Monday, February 9, 2015

Arrived at the Samuel DeWitt Proctor Conference

At 6:00am today, I had been up for about two and a half hours already. I had showered, dressed, hopped in my car in the dark, and headed for the airport. At 6:00am today, my flight took off on time, lifting wheels off the tarmac and flying up and over St. Louis. Up and over my brothers and sisters who gathered in South City at the very same time to honor and recognize the six months that have passed since Michael Brown was shot and killed in the streets of Ferguson. Six months since his body was left in the streets for four and a half hours. Six months since I watched St. Louis turn itself inside out in grief. Six months since there were tanks in the streets of my city. Six months.

The night Michael Brown died, I sat in my daughter's dark room, holding and rocking her before bed. We said prayers, and as I prayed aloud for Michael Brown, for his family, and for grace to be found in the tensions we could already feel, I began to cry. As I felt her body in my arms, as I imagined Michael's body in the street, I did not know what else to do but pray and cry.

I'll admit that what I watched unfold in St. Louis immediately thereafter robbed me of my words. I did not know how to speak to what was happening. I could see the police response to protests escalating. I could see the expressions of grief in the protesters being met with violence and suppression. I could see that suppressed grief bursting forth. I could see it moving all around me. But I did not have words. For this, I repent.

So, I listened to a lot of words from people who were witnessing to the experience. I listened to voices who were speaking out against police brutality. I listened to voices who outlined a history of racial tensions in St. Louis. I listened to those who spoke about segregation, about the stunningly uneven distribution of wealth in St. Louis, and about how it all neatly fell along carefully drawn lines of small municipalities, which were then being carefully guarded by more police forces than I could count. I listened as people explained white privilege, oppression, systematic injustice, racism. I listened to stories from friends about how they have to explain that police are not always there to help. I listened to stories of friends being trailed by shop owners who profile them. I have listened to stories of friends being pulled over for driving while black. I have listened.

And from all that listening, I began to examine myself: my whiteness and my privilege, my call to ministry in the Christian faith. I began to examine how Christianity itself has been a vehicle of oppression and white supremacy, a means of holding Euro-centric societal norms in check for longer than we Christians would care to admit. I am examining the history of lynching and race riots and of churches that stay silent about them on Sunday mornings.

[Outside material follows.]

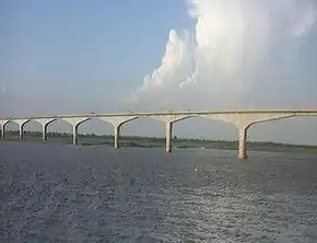 Vikramshila Setu is 6th longest bridge over water in India. The 4.4 km long two lane bridge serves as a link between NH 33 and NH 31 running on the opposite sides of the Ganges. It runs from Barari Ghat on the Bhagalpur side on the south bank of the Ganges to Naugachhia on the north bank.[1] It also connects Bhagalpur to Purnia and Katihar. This has reduced considerably the road travel between Bhagalpur and places across the Ganges.

I examined my own tradition, and I examined my spirit, and I began to find words.

They are words that I am still learning how to pronounce correctly: justice, reconciliation, repentance,  privilege, prophetic, liberation, ally, protest, holy anger, creative response, grace. I'm learning how to say, "Black lives matter," and then I'm learning how to say more than just that. I'm learning.

Today, I arrived at the Samuel DeWitt Proctor Conference and am learning about the activist, minister, and educator who the conference honors. I am learning about what he called, "The Scratch Line," and I am learning about his work. I am learning about the social justice work that is carried out in his name. And I am learning how to speak up and act out a witness of justice in this world.

Six months ago, the world wasn't all that different than it was the day before or the decade before or the century before. I'm learning that. But six months ago was the first time I was able to catch a glimpse at it. It was the first time I couldn't turn away. I know that it was privilege and downright ignorance that kept me from seeing before. But this time, there's no turning back. No turning back.